What the task requires: For every record, give an exact copy that has no pictures in it.

════════════════

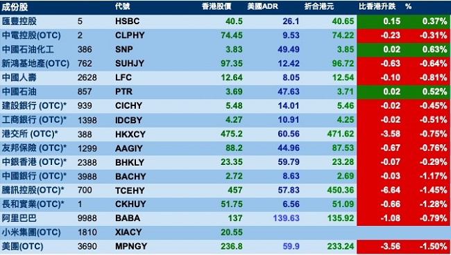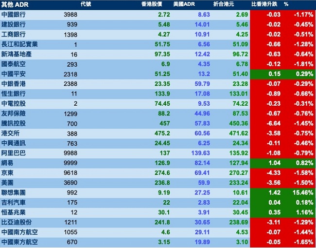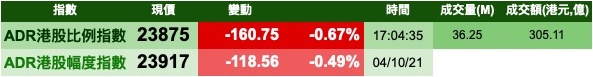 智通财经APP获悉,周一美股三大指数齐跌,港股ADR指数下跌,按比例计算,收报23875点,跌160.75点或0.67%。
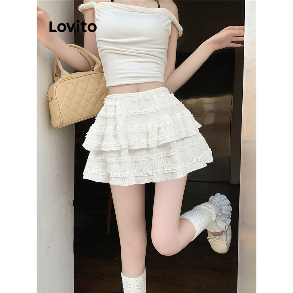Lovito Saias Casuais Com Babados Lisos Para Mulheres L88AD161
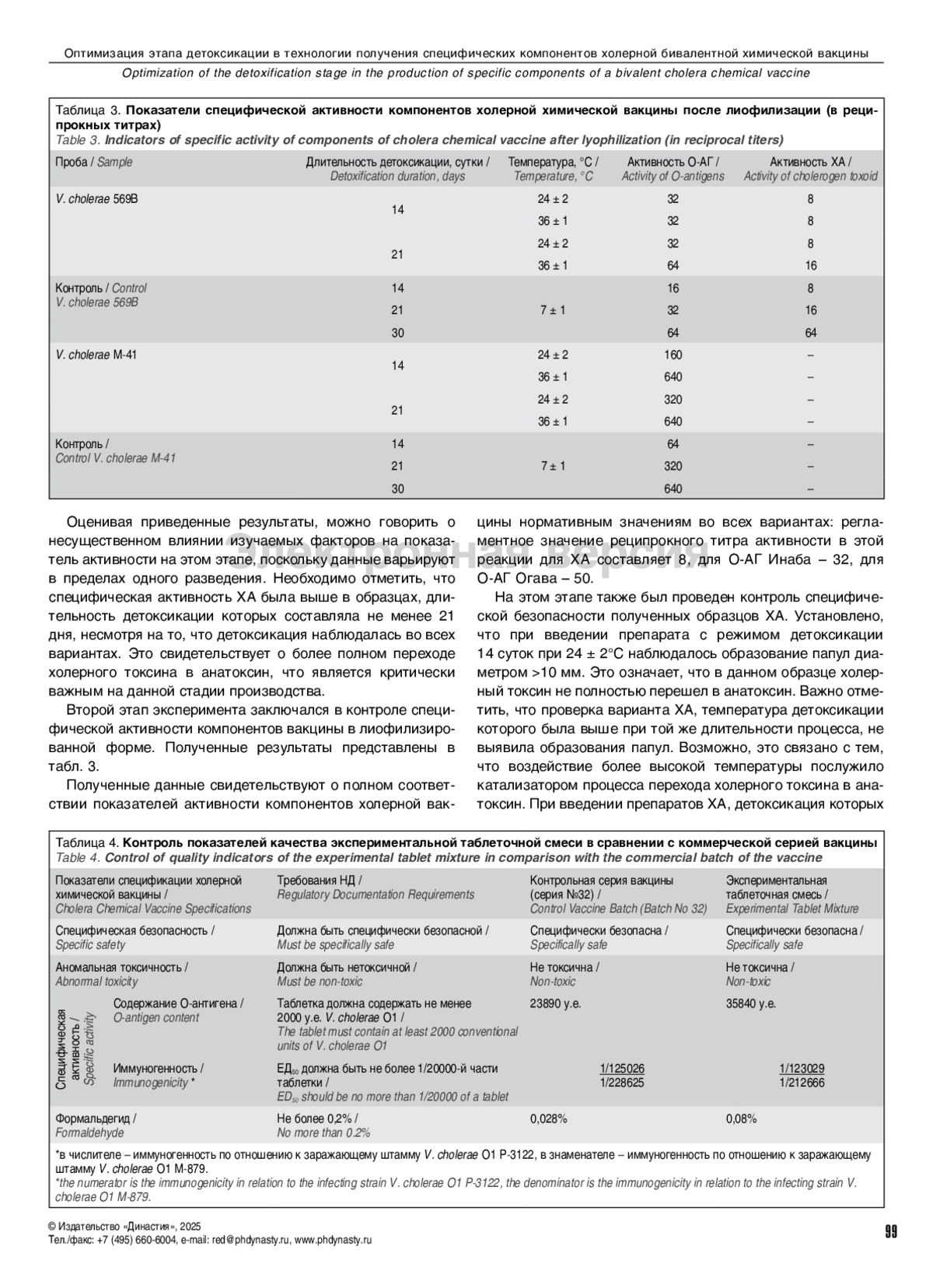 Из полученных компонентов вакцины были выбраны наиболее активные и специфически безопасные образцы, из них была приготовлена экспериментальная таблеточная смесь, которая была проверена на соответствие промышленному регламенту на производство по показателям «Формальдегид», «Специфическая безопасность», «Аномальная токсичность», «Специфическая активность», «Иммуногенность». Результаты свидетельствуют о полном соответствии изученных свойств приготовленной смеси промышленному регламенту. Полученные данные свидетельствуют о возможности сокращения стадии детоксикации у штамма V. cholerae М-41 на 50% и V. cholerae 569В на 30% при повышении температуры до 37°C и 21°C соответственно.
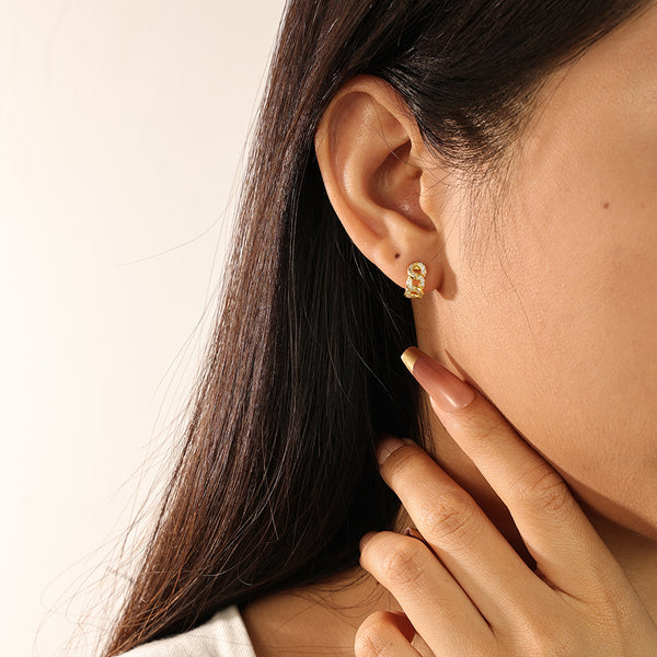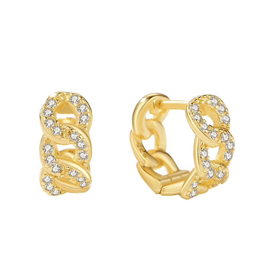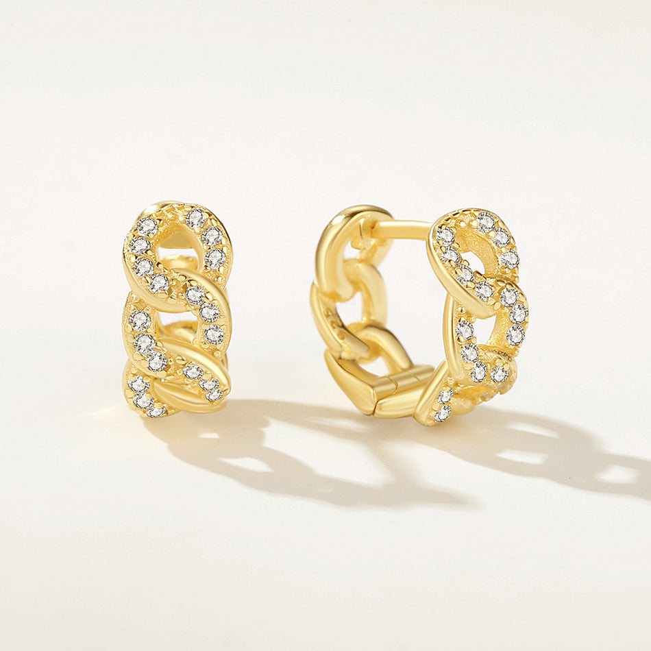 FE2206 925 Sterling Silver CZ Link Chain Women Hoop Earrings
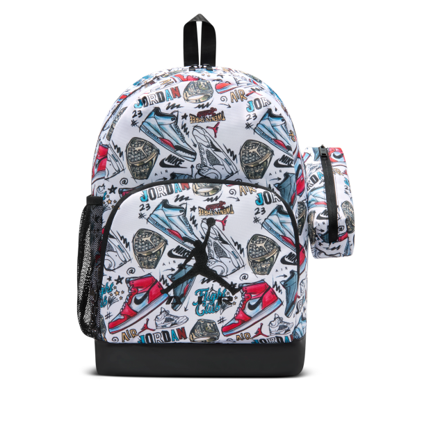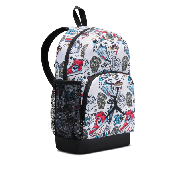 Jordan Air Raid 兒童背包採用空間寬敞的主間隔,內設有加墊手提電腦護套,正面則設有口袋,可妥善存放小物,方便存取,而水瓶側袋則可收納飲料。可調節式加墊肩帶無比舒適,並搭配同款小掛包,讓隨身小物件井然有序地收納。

════════════════

Answer to this task:
 智通财经APP获悉,周一美股三大指数齐跌,港股ADR指数下跌,按比例计算,收报23875点,跌160.75点或0.67%。
Lovito Saias Casuais Com Babados Lisos Para Mulheres L88AD161
 Из полученных компонентов вакцины были выбраны наиболее активные и специфически безопасные образцы, из них была приготовлена экспериментальная таблеточная смесь, которая была проверена на соответствие промышленному регламенту на производство по показателям «Формальдегид», «Специфическая безопасность», «Аномальная токсичность», «Специфическая активность», «Иммуногенность». Результаты свидетельствуют о полном соответствии изученных свойств приготовленной смеси промышленному регламенту. Полученные данные свидетельствуют о возможности сокращения стадии детоксикации у штамма V. cholerae М-41 на 50% и V. cholerae 569В на 30% при повышении температуры до 37°C и 21°C соответственно.
 FE2206 925 Sterling Silver CZ Link Chain Women Hoop Earrings
 Jordan Air Raid 兒童背包採用空間寬敞的主間隔,內設有加墊手提電腦護套,正面則設有口袋,可妥善存放小物,方便存取,而水瓶側袋則可收納飲料。可調節式加墊肩帶無比舒適,並搭配同款小掛包,讓隨身小物件井然有序地收納。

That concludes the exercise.